それに比べてソケットリフトでは、骨造成と歯槽骨とインプラントの定着を同時に進められるため、インプラント手術の終了までの期間が短くて済みます。順調に治療が進めば約4~6ヶ月後にはインプラント体に装着する人工歯などの準備ができるため、インプラントが自分の歯の一部としてしっかり噛めるようになるまで、最短で治療を進められます。
ソケットリフトのデメリット
ソケットリフトは治療の適応となる範囲が狭いため、広範囲に骨が少ないケースや骨の厚みが5㎜以下のケースには適応しません。また非常に高度な外科手術となるため、術者である歯科医師の技量により成功率が変化します。感染のリスクもあり、手術が失敗してしまう場合も想定されます。
治療範囲が制限される
ソケットリフトは上顎奥の骨が垂直的に少ないケースに適応となります。しかし、骨の厚みが5㎜以下のような極端に骨が足りない場合や、広範囲に骨が少ない場合には適応外となり、その場合はサイナスリフトという治療法になります。
視野の確保が狭い
ソケットリフト術は歯が生えている部分を僅かに切開して手術を行います。
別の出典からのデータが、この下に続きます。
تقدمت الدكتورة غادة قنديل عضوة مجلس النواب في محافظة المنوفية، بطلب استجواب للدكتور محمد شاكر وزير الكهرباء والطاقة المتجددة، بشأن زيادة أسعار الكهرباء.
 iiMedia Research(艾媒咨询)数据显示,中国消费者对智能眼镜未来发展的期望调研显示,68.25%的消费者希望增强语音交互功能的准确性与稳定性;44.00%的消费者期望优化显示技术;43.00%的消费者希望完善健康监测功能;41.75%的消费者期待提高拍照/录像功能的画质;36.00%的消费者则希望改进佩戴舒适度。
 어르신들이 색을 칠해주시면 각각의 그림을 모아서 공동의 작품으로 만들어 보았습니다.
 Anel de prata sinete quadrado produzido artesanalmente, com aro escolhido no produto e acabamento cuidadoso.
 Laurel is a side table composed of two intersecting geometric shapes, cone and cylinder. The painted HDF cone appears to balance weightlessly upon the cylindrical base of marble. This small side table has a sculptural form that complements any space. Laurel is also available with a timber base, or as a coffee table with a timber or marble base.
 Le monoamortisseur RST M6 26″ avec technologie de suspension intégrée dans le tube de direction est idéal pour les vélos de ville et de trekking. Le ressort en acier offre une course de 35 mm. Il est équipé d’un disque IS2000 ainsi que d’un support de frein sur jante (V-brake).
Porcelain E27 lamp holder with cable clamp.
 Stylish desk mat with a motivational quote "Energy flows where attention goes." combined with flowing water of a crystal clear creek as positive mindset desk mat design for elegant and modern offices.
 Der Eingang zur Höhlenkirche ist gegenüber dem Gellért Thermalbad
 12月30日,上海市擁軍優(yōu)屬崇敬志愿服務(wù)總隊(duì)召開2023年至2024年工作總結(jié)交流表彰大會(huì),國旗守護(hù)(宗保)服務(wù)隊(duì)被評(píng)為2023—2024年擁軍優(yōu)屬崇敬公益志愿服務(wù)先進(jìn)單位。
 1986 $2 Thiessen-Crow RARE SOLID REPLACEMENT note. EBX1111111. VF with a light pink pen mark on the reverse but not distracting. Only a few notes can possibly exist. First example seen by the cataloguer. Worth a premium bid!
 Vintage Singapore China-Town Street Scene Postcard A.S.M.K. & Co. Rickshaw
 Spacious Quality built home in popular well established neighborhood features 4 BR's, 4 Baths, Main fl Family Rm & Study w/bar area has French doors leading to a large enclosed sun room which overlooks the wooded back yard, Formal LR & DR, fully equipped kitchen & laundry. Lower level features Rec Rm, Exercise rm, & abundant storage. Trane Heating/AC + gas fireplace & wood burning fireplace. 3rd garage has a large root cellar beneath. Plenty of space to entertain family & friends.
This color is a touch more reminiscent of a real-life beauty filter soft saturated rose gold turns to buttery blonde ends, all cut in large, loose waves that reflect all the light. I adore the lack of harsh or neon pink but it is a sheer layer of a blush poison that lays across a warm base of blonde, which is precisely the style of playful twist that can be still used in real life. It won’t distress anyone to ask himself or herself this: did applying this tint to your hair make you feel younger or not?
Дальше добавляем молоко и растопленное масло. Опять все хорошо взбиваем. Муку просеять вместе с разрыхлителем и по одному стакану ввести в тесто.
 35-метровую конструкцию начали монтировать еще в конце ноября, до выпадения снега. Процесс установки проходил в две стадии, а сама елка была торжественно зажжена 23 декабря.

そのため目視できる視野が狭く、しっかり目で見て手術を行うことが非常に困難です。術中のシュナイダー膜を引き上げて増骨材を挿入する感覚は、術者の経験や解剖学的な知見が必要となるので、ソケットリフト成功の成功を左右する重要なポイントとなってしまいます。
知っておきたいソケットリフトの注意点
サイナスリフトやソケットリフトなど、上顎の骨造成手術は鼻の病気を誘発する可能性があります。
上顎奥の上に広がる上顎洞は、鼻の副鼻腔と繋がっています。上顎洞を覆うシュナイダー膜は非常にデリケートな粘膜であるため、術中の力加減を間違えてしまうと、傷付けてしまいます。シュナイダー膜に傷がある場合、腫れや痛みを引き起こすだけでなく、感染症にかかる可能性もあります。
その感染症の代表的な例として挙げられるのが「上顎洞炎」です。上顎洞炎は上顎洞に起こる炎症のことで、粘膜に膿が溜まることで様々なトラブルを引き起こします。一般的には「蓄膿症」や「副鼻腔炎」と呼ばれることが多く、鼻に関わる症状を誘発します。症状としては、鼻づまりや黄色い鼻水、鼻や頬周辺の違和感、頭痛、膿が喉に流れ込むことによる口臭などが上げられます。
インプラントの手術が原因で炎症を起こしたと判断した場合は、抗生物質で炎症を抑えて膿を排出し、インプラントを抜き取ることが必要になります。